Also isn't trying to push a product technically spamming, especially when it's in the wrong forum.


----------



## SomeGamer (May 6, 2016)

I'd rather use my Xperia Z5 Compact with a PS4 controller.


----------



## SSG Vegeta (May 6, 2016)

VinsCool said:


> That looks smexy!
> 
> I would like to get one of those for emulation!



Your not the only one bro the fact that you can emulate PS2 and NDS is why I want one and it's cheap they are on Amazon


----------



## Deleted User (May 6, 2016)

SSG Vegeta said:


> you can emulate PS2


Be prepared for slow-as-hell speeds where that is concerned. 
Not even my 8GB RAM laptop with a 2GHz quad-core processor can emulate PS2 games at a decent-enough speed.  And that's even with the best settings!


----------



## SSG Vegeta (May 6, 2016)

Voxel Studios said:


> Be prepared for slow-as-hell speeds where that is concerned.
> Not even my 8GB RAM laptop with a 2GHz quad-core processor can emulate PS2 games at a decent-enough speed.  And that's even with the best settings!



That sucks bro hopefully the community will be able to fix the speed issues with PS2 games in the future


----------



## dkabot (May 6, 2016)

If you're curious of the land of clone-looking emulation machines, this isn't their first or last machine.
GPD is the company (GamePad Digital) and you can find sections about them on some other forum communities.
They've had other android devices with model numbers G5A, G7 and Q9 at the least (in no particular order).
The XD is the only clamshell, though, the others are more like your typical tablet with side controls setup.

They also are in the process of making a Cherry Trail, Windows 10-based machine (which I actually have pre-ordered) called the GPD Win.
It inherits a good deal of design from the XD, with a 3DS-like clamshell, but adds a keyboard (albeit oddly placed) and more stuff you can do (run old/indie PC games).

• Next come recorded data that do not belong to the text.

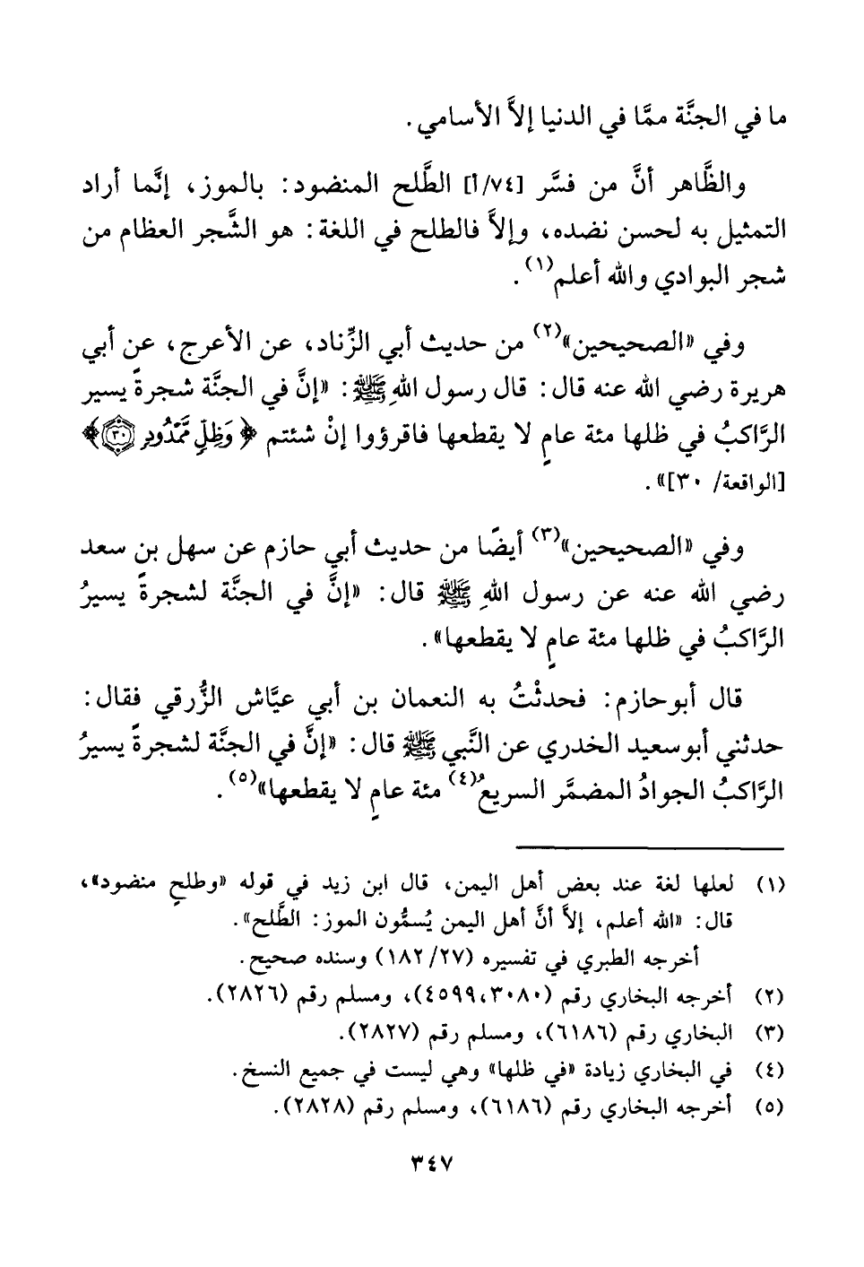 والظَّاهر أنَّ من فسَّر الطَّلح المنضود: بالموز، إنَّما أراد التمثيل به لحسن نضده، وإلَّا فالطلح في اللغة: هو الشَّجر العظام من شجر البوادي واللَّه أعلم (¬١) .
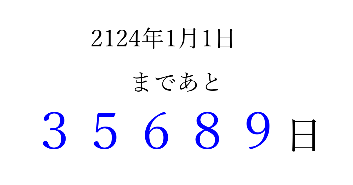 2124年1月1日(土)まで あと 99999 日です 追加すると、トップページからすぐ選べるようになります ※2026/04/15現在の結果です。 最新の状態に更新する ↓シェアして、タイムライン上にカウントダウンを表示しよう!↓ 📤 この結果を共有する Tweet シェア Threads Bluesky 別の日付でカウントダウン 2124年1月のカレンダー このページをブックマークに追加すると、いつでもカウントダウンを確認できます。 (PC: Ctrl+D / Mac: ⌘+D) hitome-notes.comでは以下のページも運営しています。 指定日と期間から日付を計算 | ガチャ確率計算・シミュレーション | プライバシー・ポリシー 運営者:Avocado
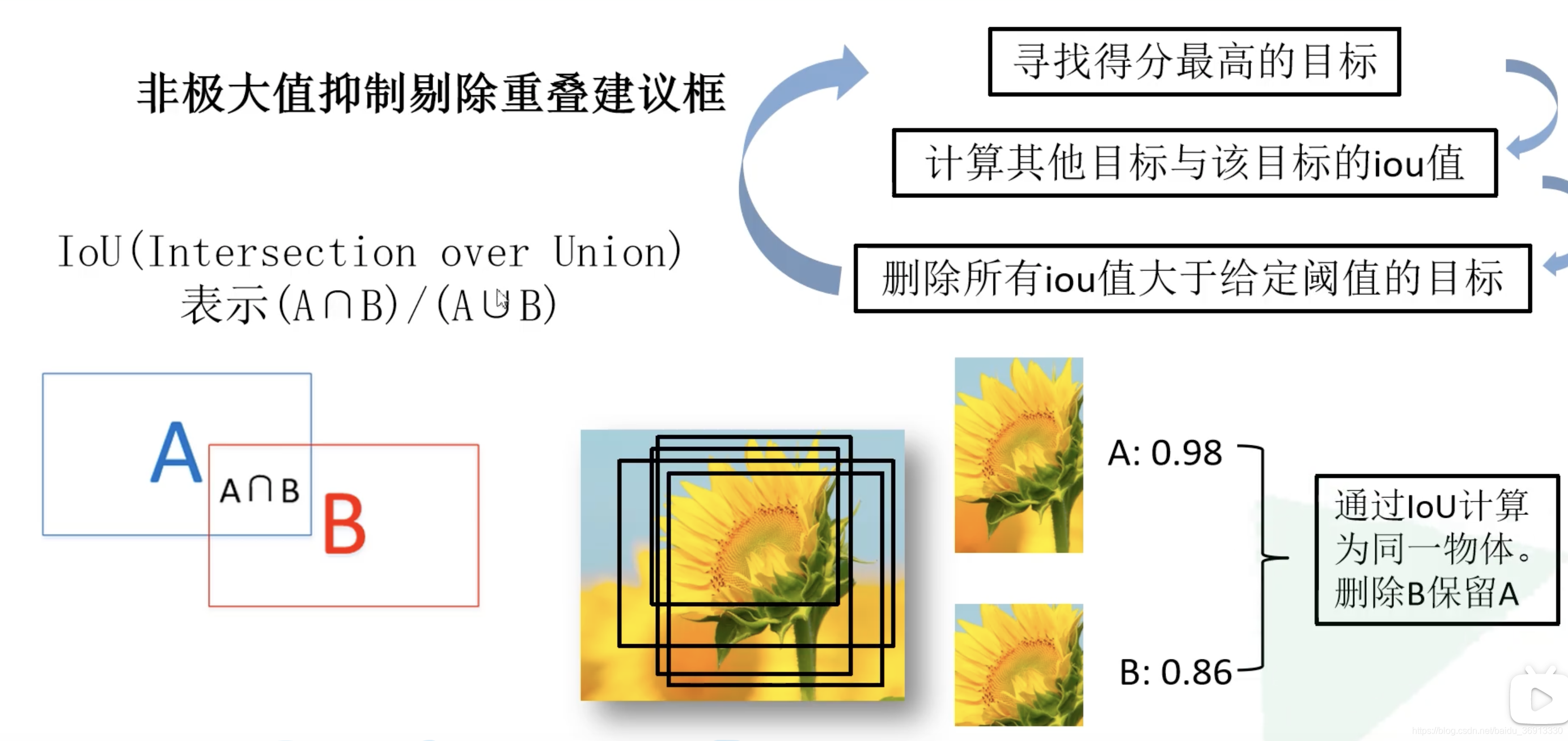 对 2000×20 维矩阵中每一列即每一类进行非极大值抑制,则可以剔除重叠建议框,保留高质量的建议框!
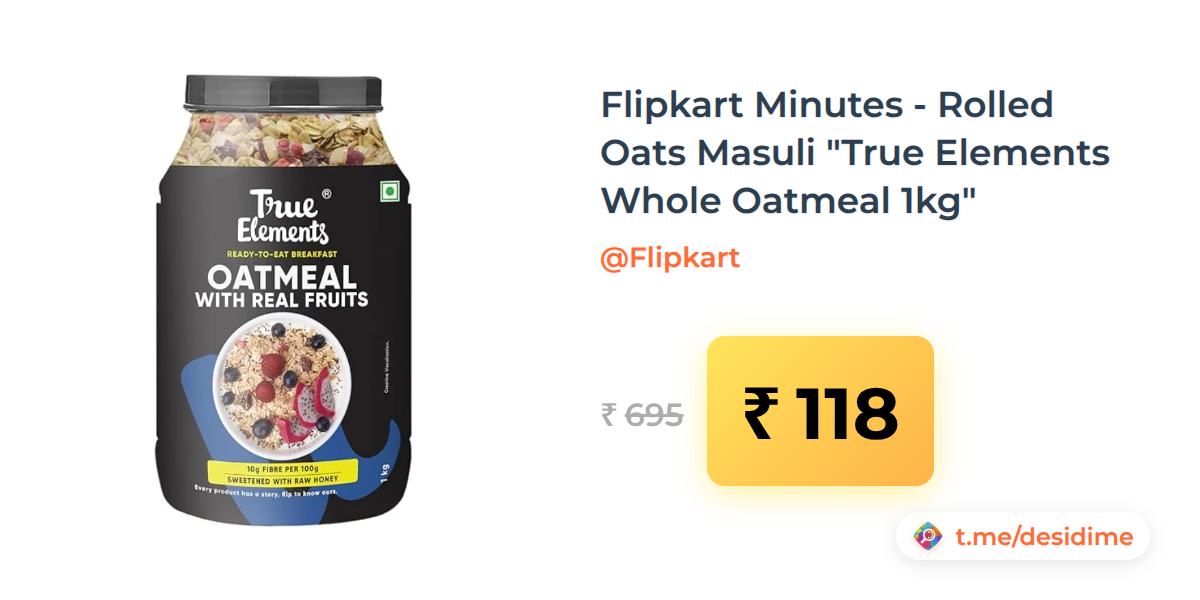 83% off on - Flipkart Minutes - Rolled Oats Masuli "True Elements Whole Oatmeal 1kg" - Rs. 118
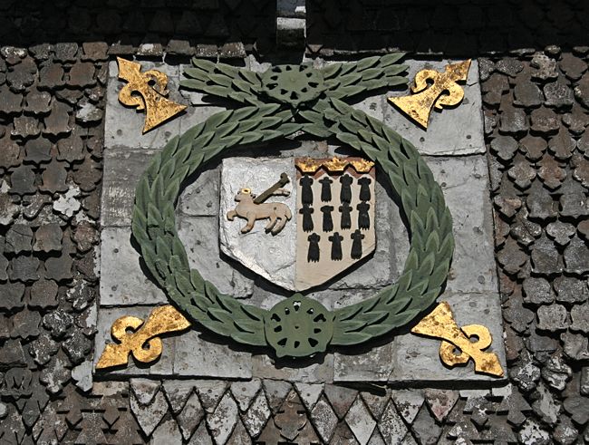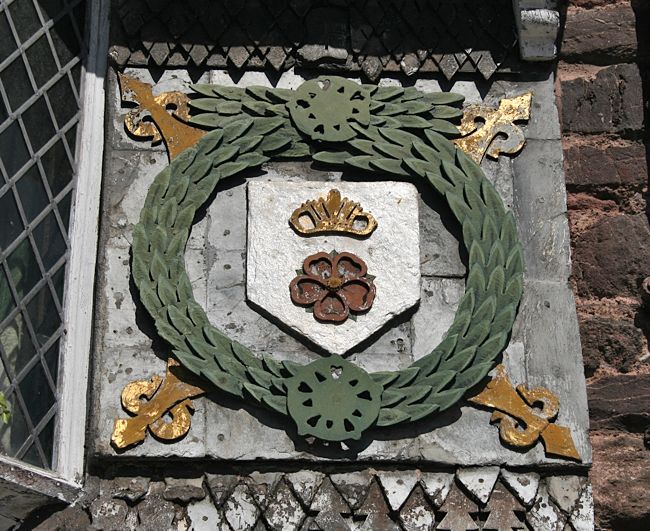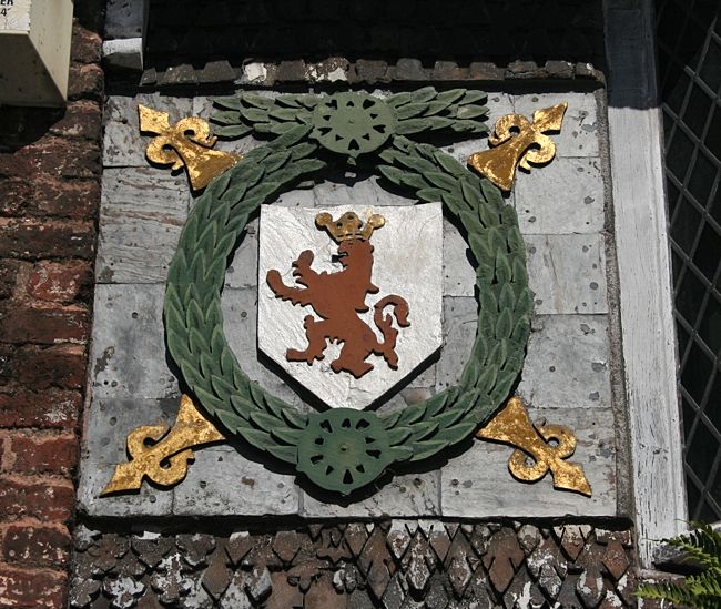it was built by "Isaac Burche the Elder", a maltster, who died in 1683. The house passed on to the Gubbs family in the 1670's, before Burche died. John Gubbs married Elizabeth Leach in September 1670, which accounts for the Leach coat of arms on the right side of the house. The
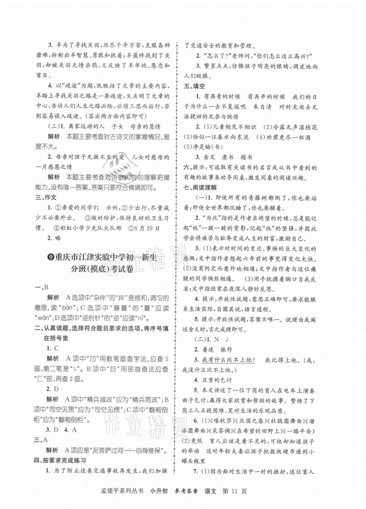 2021年孟建平小升初名校新生分班摸底考试卷语文
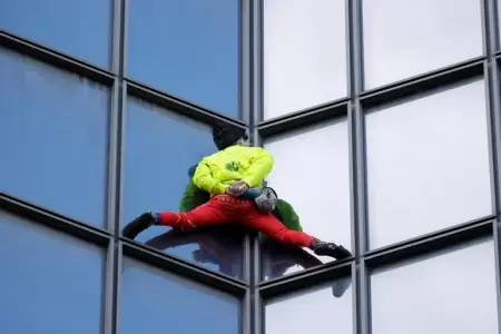 بسترة صفراء وسروال أحمر وأحذية تسلق، أنجز آلان روبير  "برج توتال" الذي يبلغ علوه 179 مترا، على مرأى من المارة في هذا الحي المالي.
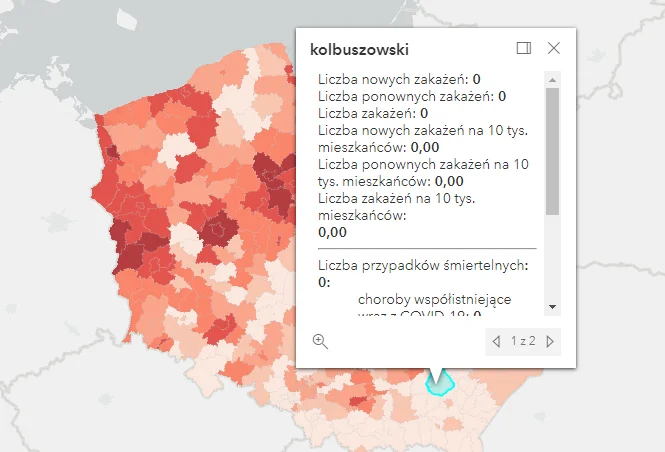 Nowe i ponowne zakażenia na Podkarpaciu według powiatów:
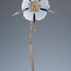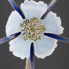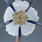 The slightly curved, silver stem can be screwed apart. The transparent, blue opaque wild rose of five petals (Rosa canina) is also detachable, etched matte. Between the petals, there is a long, narrow sepal, while the centre shows a number of tiny pistils. The sepals are covered with blue, the pistils with green enamel. According to the letter of Jenő Radisics written to Rene Lalique in 1904 (see Museum’s Archives, No. 261/1904), the flower was a part of Jean-Paul Aube's statue "La Reconnaissance", which depicted a female figure holding a flower in her hand. The statue won Grand Prix at the 1900 Paris International Exhibition and Jenő Radisics bought it. The flower acquired by the museum in 1904 probably replaced the missing original.
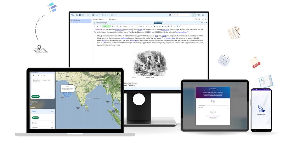 Waspnote: Elevate note-taking with maps, events, timelines, YouTube timestamps, OCR, custom dictionary, AI summaries, ebook/PDF integration, and easy sharing/exporting. Perfect for students and profes
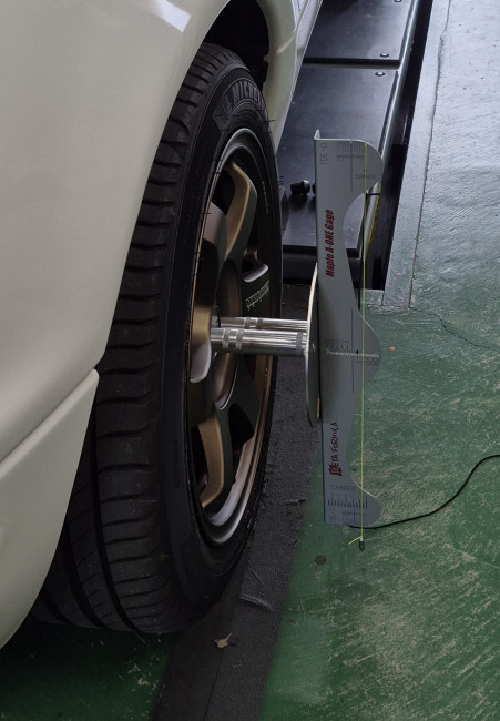 入庫中のクルマ、以前アライメント調整をしているので「定盤なし」でどんな数字が出るのか計測。 目安がわかれば良いので。 とりあえず手直ししたのでオーナーさんに乗ってみてもらって感想を聞こうかな?
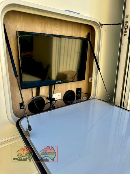 Here's the ultimate courier for touring Aussie. ~ Avida Esperance 3ltr twin turbo, ~ full leather. ~ sleeps 4. ~ separate lounge dining. ~ full ensuite. bathroom vanity. ~ 187 ltr fridge 2 door. ~ 32" TV ~ Diesel heater. ~ extra usb ports throughout. ~ sirocco fans. ~ A/c throughout, ~ 2 x 150 amp inverters. ~ 450 watts solar. ~ sat King. ~ external TV, stereo, ~ tinted windows, ~ Ziggy BBQ. ~ 2 x 105 AH batteries. ~ front privacy screen. ~ Awning and ground mat, ~ Blue ox tow pack. etc etc rego til Oct.
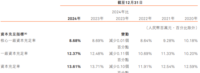 截至2024年12月31日,哈尔滨银行核心一级资本充足率、一级资本充足率、资本充足率分别为8.68%、12.37%、13.61%,较上年末分别下降0.01个百分点、0.11个百分点、0.10个百分点。核心一级资本充足率、一级资本充足率、资本充足率下降的主要原因是风险加权资产增加所致。
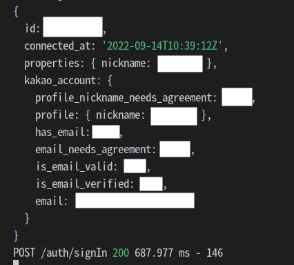 axios 요청을 보내면 객체 형태로 응답을 받을 수 있다. 카카오 토큰을 담아 해당 API를 실행시키고 console.log(result.data)은 다음과 같이 출력된다.
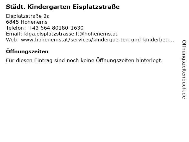 | Städt. Kindergarten Eisplatzstraße anrufen | |

As for the topic of the XD itself, I hear the first ones had production issues but have been mostly fixed and people's gripes are more with some design elements.
For instance, the sticks don't click for L3/R3 and software updates are manual rather than OTA as people generally expect from Android.
If someone was in the market for such a thing, though, I'd probably say to give it a shot based on what I've head of it.


----------



## nero99 (May 6, 2016)

I'd buy it for the almost perfect n64 emulation android has


----------



## The Catboy (May 6, 2016)

I honestly thought "clone" as in, someone made a legit clone of it.
Something like this


----------



## DinohScene (May 6, 2016)

It certainly does look sweet~


----------



## Deleted User (May 6, 2016)

It reminds me so much of the Pandora console that the OpenPandora company used to make back in 2008. However, that console ran a linux-based system, and it isn't as good as the modern GPD-XD consoles we see today.






https://en.wikipedia.org/wiki/Pandora_(console)

I was also tempted to buy this a few months ago, but when I saw the price of it, I was disgusted at the prices of the models with the highest specs! (They were around €330.00 brand new for one with a 1.1GHz processor If I remember... )
Then again, OpenPandora didn't really shift many of these back aound 7-8 years ago, so that probably adds to the reason why they are quite high in price still.

The N64 emulation on a Pandora is as sweet as the GPD consoles as well! I once came across a video of someone running Super Mario 64 on it, and I think it was running at full speed.

But that's just N64. Nothing of better significance worth noting about the Pandora, emulator-wise. But with a GPD, I bet we'd be able to run all sorts of other console emulators, such as PS1, because of the fact that the GPD is Android-based and has way better specs than the Pandora!


----------



## DutchyDutch (May 6, 2016)

Seems pretty cool, if it can handle PS1 emulation I might buy it one day. However, the thing is extremely ugly and I don't want to walk around with something that looks like a cheap 3DS knockoff. It's kind of embarrassing.


----------



## EarlAB (May 6, 2016)

This looks better than the original 3DS...
...but that's my opinion.


----------



## SSG Vegeta (May 6, 2016)

dkabot said:


> If you're curious of the land of clone-looking emulation machines, this isn't their first or last machine.
> GPD is the company (GamePad Digital) and you can find sections about them on some other forum communities.
> They've had other android devices with model numbers G5A, G7 and Q9 at the least (in no particular order).
> The XD is the only clamshell, though, the others are more like your typical tablet with side controls setup.
> ...



Which model would you recommend friend


----------



## dkabot (May 6, 2016)

SSG Vegeta said:


> Which model would you recommend friend


I put it as an edit in my first post here, but I don't blame you for missing it; I've not been in this market since the Dingoo A320 (nowadays, no reason for it) and PSP.
If you're talking about GPD Android stuffs in general, the XD is the most recent, so if you try one I'd say that (I hear it's fairly cheap now).
However, I don't have any _direct_ experience with these, and even the Win has clear flaws before it's even been made, so I'm not a great source.

I've just been constantly refreshing another forum for Win stuff, to be honest, and know of the others because it's a GPD subforum.


----------